Sinopsis - DESEMBER 26 FILM

September 06, 2007

Sinopsis


Semua terjadi pada tanggal 26 Desember 2004, di sebuah sekretariat pentas seni mahasiswa Papua di Jogja. Berawal dari kegundahan abner si ketua asrama yang melihat beberapa temannya terlalu banyak menghabiskan waktu sia-sia, lupa dengan tujuan utama mereka.

Bersama GERZON dan KRISTIN (termasuk mahasiswa rajin), selain berdiskusi soal politik, masa depan Papua atau sekedar mata kuliah, ABNER juga sering mendiskusikan bagaimana supaya teman-teman mereka bisa bersatu dalam satu visi tanggung jawab belajar bersama-sama.
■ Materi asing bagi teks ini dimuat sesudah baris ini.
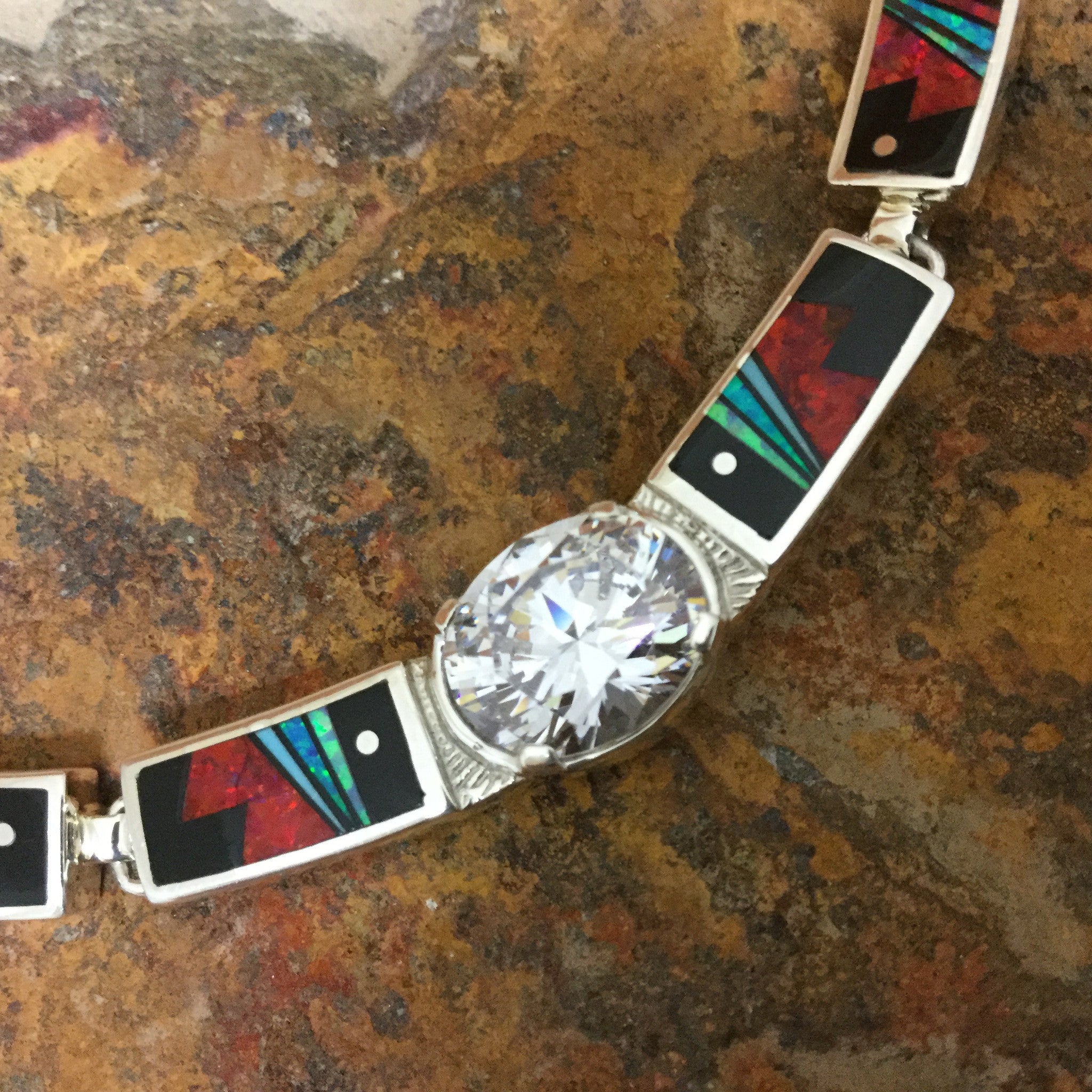 This gorgeous Sterling Silver Necklace, as part of the Red Moon Collection, features Black Jade, Kingman Turquoise and Blue, Green & Red Lab Opal, as well as 3 large oval Cubic Zirconia Gemstones. Includes Omega Chain.

Diantara mereka ada DON dan NICK yang hobi mabuk dan rebut setiap hari, MARKUS dan MARIA si ROmmy and Juliet yang tiada hari tanpa pacaran, PAUL si jago molor atau mandoser yang gemar jalan-jalan dan nonton film porno, sampai DOMINGGUS yang ceroboh dan super pelupa. Semua berbaur dalam satu atap.

Sampai hari itu MANDOSER dating membawa 5 buah VCD porno terbaru bertema “SELERA NUSANTARA”. Masing-masing berjudul “SUMATRA BERGOYANG”, “PERAWAN DARI HUTAN KALIMANTAN”, “SULAWESI BERGELORA”, BALI BERGAIRAH LAGI” dan “HAMPIR MALAM DI JAWA”.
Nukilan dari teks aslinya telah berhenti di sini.